In order to accelerate the processing of data, many high-performance computing systems are controlled by a single-instruction stream yet operate on multiple-data streams (SIMD). One such computing system is a vector computer designed to process in parallel each element of a linear array of numbers. For example, a vector machine adds two vectors by adding in parallel each entry of the two vectors to produce a single vector of the same length. A single vector instruction is therefore equivalent to a programming loop iterating from 1 to the number of elements in the vector.
Wherever possible, a specialized compiler replaces programming loops with vector instructions. Whether a compiler can vectorize a loop often depends on whether each element in a result vector can be computed independently from the other elements. When the results of one iteration of the loop depend on results of previous iterations, a data hazard exists and the loop typically cannot be "vectorized". The extent that a program can be vectorized, however, not only depends on the existence of data hazards but on the ability of the compiler to restructure the program in order to reduce or eliminate the data dependencies. Thus, there is tremendous variation the software routines that conventional compilers can vectorize.

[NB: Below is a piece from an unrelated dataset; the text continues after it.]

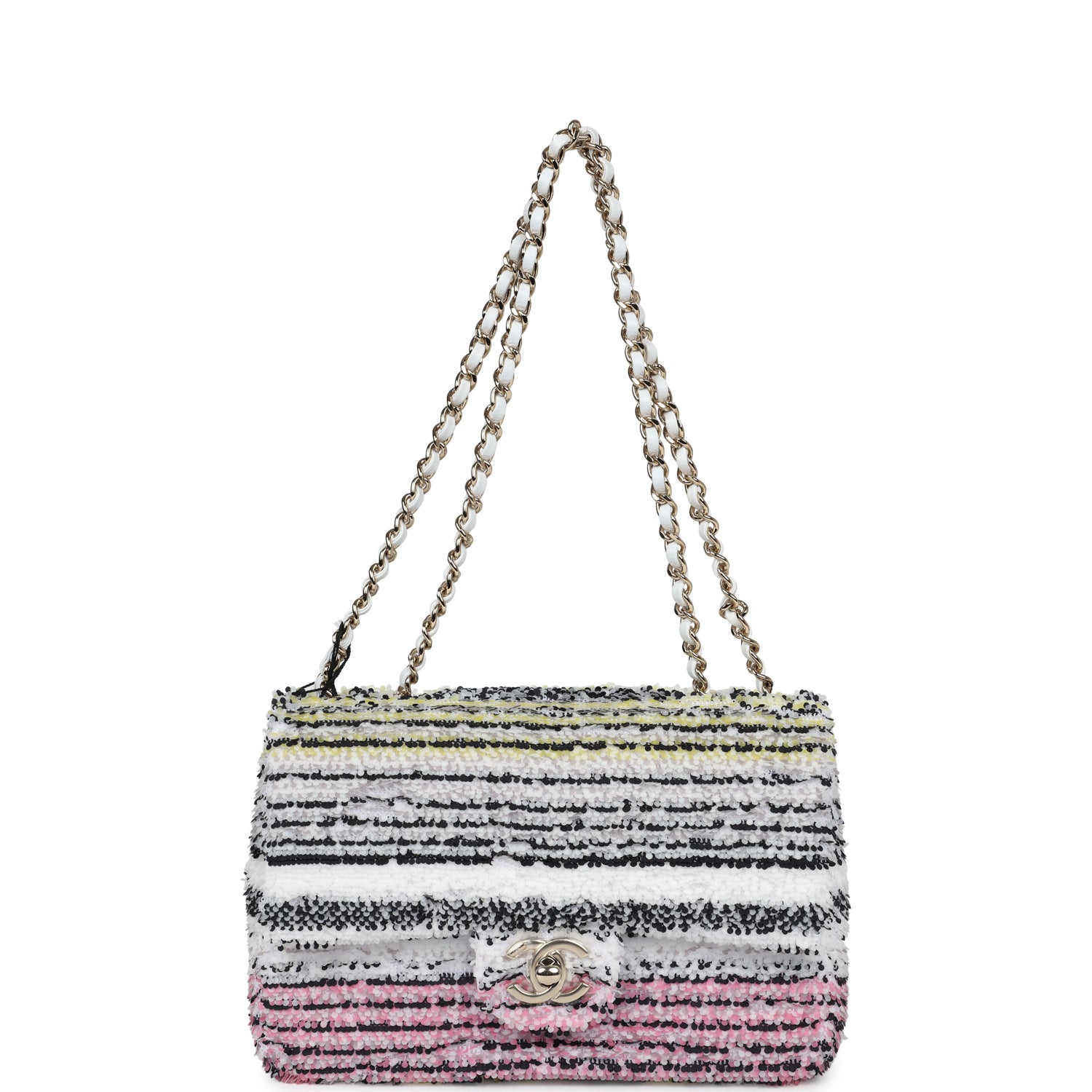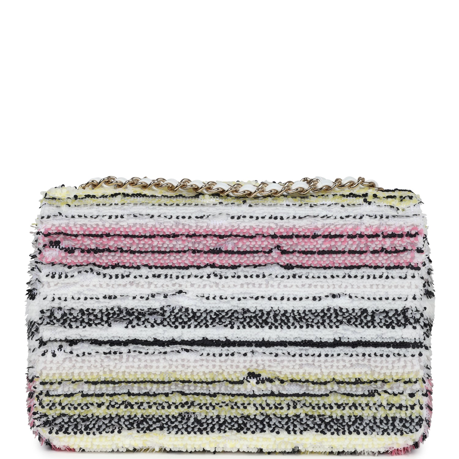 Chanel Mini Rectangular Flap White Multicolor Sequin Light Gold Hardware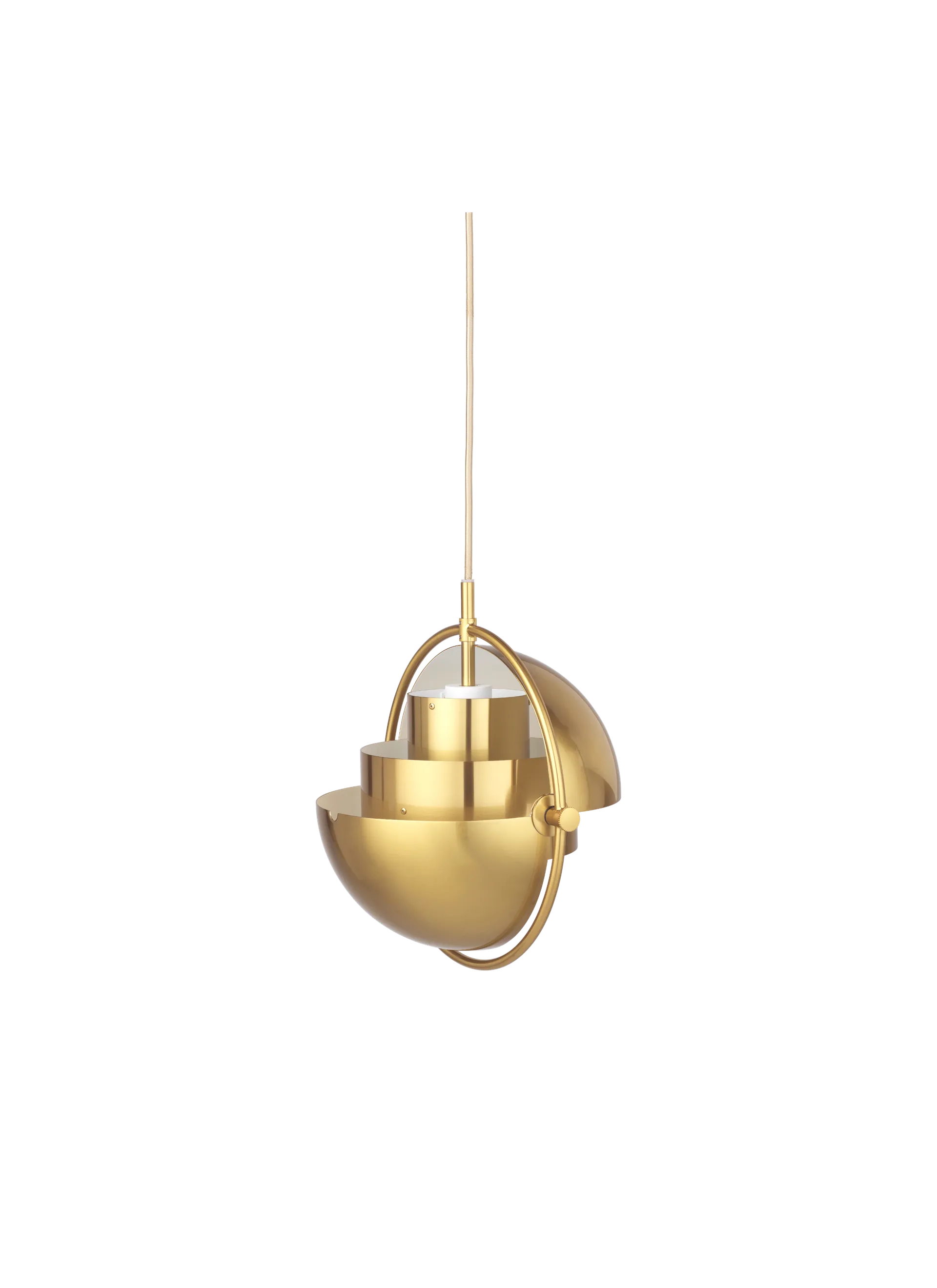 The Multi-Lite Pendant embraces the golden era of Danish design with its characteristic shape of two opposing outside, mobile shades that enable creating a personal installation and a wide range of lighting values in a room. By individually rotating the shades, the Multi-Lite Pendant can be transformed into multiple combinations where the light can be directed upwards, downwards or exude an asymmetrical art light. The Multi-Lite was first drawn in 1972 when Louis Weisdorf did an exception to his own design custom of using multiple repeating elements. Instead, it reflects his passion for diversity. Two cylindrical shapes lay the foundation of the lamp and a metal ring encompasses it and anchors the two quarter-spherical shades, which ultimately completes a picture of an iconic design with multiple purposes. The Multi-Lite Pendant has a timeless expression that fits into any domestic setting.

One class of software that conventional compilers have difficulty vectorizing is inductive loops having conditional statements. Typical examples of this class of software includes vector compression and vector expansion. In vector compression, elements of a source vector are copied to a destination vector based on some condition such as a mask bit. Thus, only a subset of the elements of the source vector are copied to the destination vector and are stored in the lower order elements of the destination vector. Because the destination of a particular source element depends on how many elements need to be copied, a data hazard exists that prevents the compression from easily being vectorized. Similar problems exist for vector expansion.
For the reasons stated above, and for other reasons stated below which will become apparent to those skilled in the art upon reading and understanding the present specification, there is a need in the art for a method and system for operating a computer having multiple processing unit that easily vectorize inductive loops having conditional statements. There is also a need for an optimizing compiler which can generate machine instructions for such a computer system.